Drake opened the car door just as a uniformed officer he didn’t recognize came running up. “I’ve got a witness,” he panted, pointing down the street to the house on the corner. “Two black Town Cars. The older woman was taken in one that headed east and the lady in the wedding dress was in the second. They headed north.”
Jimmy moved to intercept the officer as Drake slumped against the car. So much for hope.
He fell into the driver’s seat. The Mustang rocked as Jimmy added his weight to the passenger side. He felt Jimmy’s gaze on him but kept his own eyes locked forward, not acknowledging his partner’s look of concern. Jimmy said nothing; what was there to say? They both knew the statistics, both knew how these things usually ended.
Drake prayed they were alive, but in the meantime, he was insulating his heart in Kevlar. Getting ready to sell his soul to the devil. Because what did being a cop, what did anything matter if Kasanov killed the women he loved?
<<<>>>
AFTER WHAT SEEMED
like hours, the car came to a stop. But no one moved to release Cassie. She heard muffled sounds beyond her prison inside the trunk but could make out no words.
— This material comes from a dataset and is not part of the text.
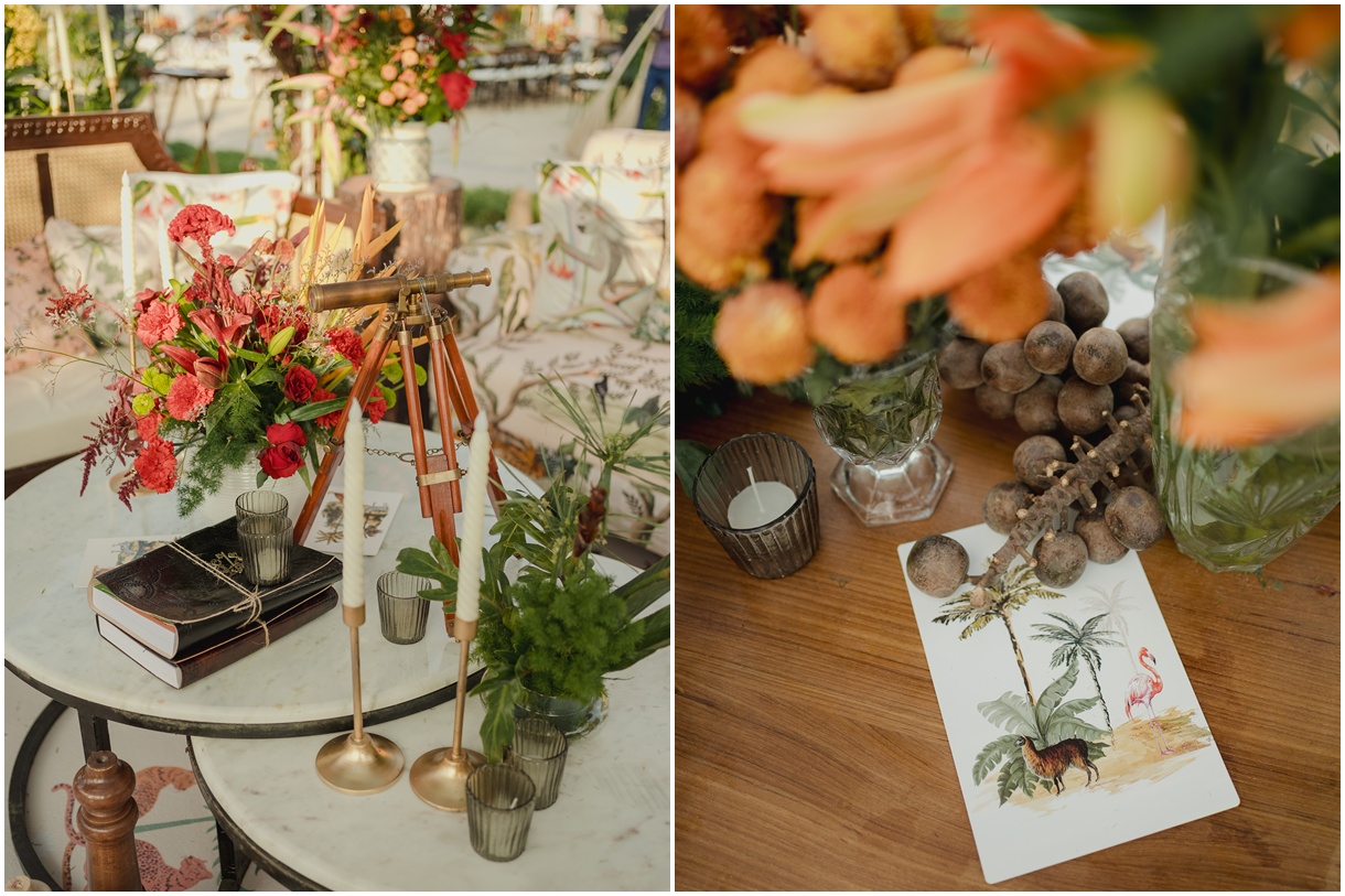 Guests were made to feel like explorers on a curated journey. Interactive zones, unexpected décor surprises, and thoughtfully layered spaces brought a sense of discovery throughout the celebration. From the organically styled floral arrangements to the sculptural decor pieces, every detail felt like part of a larger safari narrative, which was intimate yet exuberant. Framed against the serene lake and open skies, the Mehndi took place on the verdant lawns of Suryagarh Palace. “There’s something magical about this space; it already felt grounded in nature and tradition, and we simply extended its story with our safari dream,” Aastha shares.

Then there was silence and she feared they’d left her to die.
She fought to hold the panic at bay, retreating to her favorite childhood memories, and when those didn’t work, she relived, minute by minute, second by second, every moment she could remember with Drake.
Finally, the trunk lid flew open and a blinding light stabbed her eyes. Rough hands reached inside and hauled her out.
Her legs were frozen, asleep from their cramped position. Two men, neither older than twenty, placed her on her feet then removed their hands, laughing as she tumbled onto a concrete floor, unable to catch herself with her hands bound behind her back. She ignored their laughter, blinking hard, trying to focus her mind and her body.
Cassie took inventory. Her mouth was parched, her bladder full, left arm numb from the elbow down, right hand with a painful tingling in it, both legs spasming beneath her.
Equipment and hydraulic lifts surrounded her. She was lying on a grease-stained floor of an industrial garage. What time was it? How long had she been trapped in the car?
She jerked her head up. Where was Muriel?
“Muriel,” the name scraped out her throat, her voice rough as gravel.
“Mrs. Drake will not be joining us at this time.”
Cassie twisted her body to face the direction the voice had come from. Twenty feet away, Kasanov sat on a leather club chair, his tailored suit draping his body in silk, a cigar in one hand and a sapphire-colored bottle of water in the other. Cassie’s eyes riveted on the water, following it as he nonchalantly set it on the small table beside him.
They were inside a large service bay designed for several vehicles, including pits beneath hydraulic hoists; chains dangling from pulleys overhead, ending in heavy, metal hooks; and racks of tools. The only vehicle was the Ford she’d arrived in. There were four garage doors, all closed, one exit door at the far end of the bay, and a door behind Kasanov’s chair that appeared to lead to an office and customer reception area from what she could see through the window beside the door.
“I would expect you’re quite thirsty by this time, Dr. Hart. Would you like some water? I have it imported from Switzerland. It’s quite refreshing.” He dangled a second bottle like a dog biscuit.
Cassie pushed herself up into kneeling position. Her left arm was now pins and needles, shooting darts of pain, but her legs were still useless, quivering masses of over-strained muscles. She bit her lip against the painful cramping in her thighs and tried to find enough saliva to swallow.
“Where’s Muriel?” She managed to not clamp down on the words as a spasm shot through her right leg.
“I assure you she’s perfectly safe. If you’re not thirsty, I’ll just pour the water out.”
If she’d been able to make any tears, Cassie would have cried as he twisted the cap off one of the bottles and tilted it. The life-giving essence dripped out slowly at first then in a stream, forming an oil-slicked puddle on the cement floor. The bottle empty, Kasanov let it drop to the floor, breaking it into thousands of shards of blue glass glistening in the harsh fluorescent lights.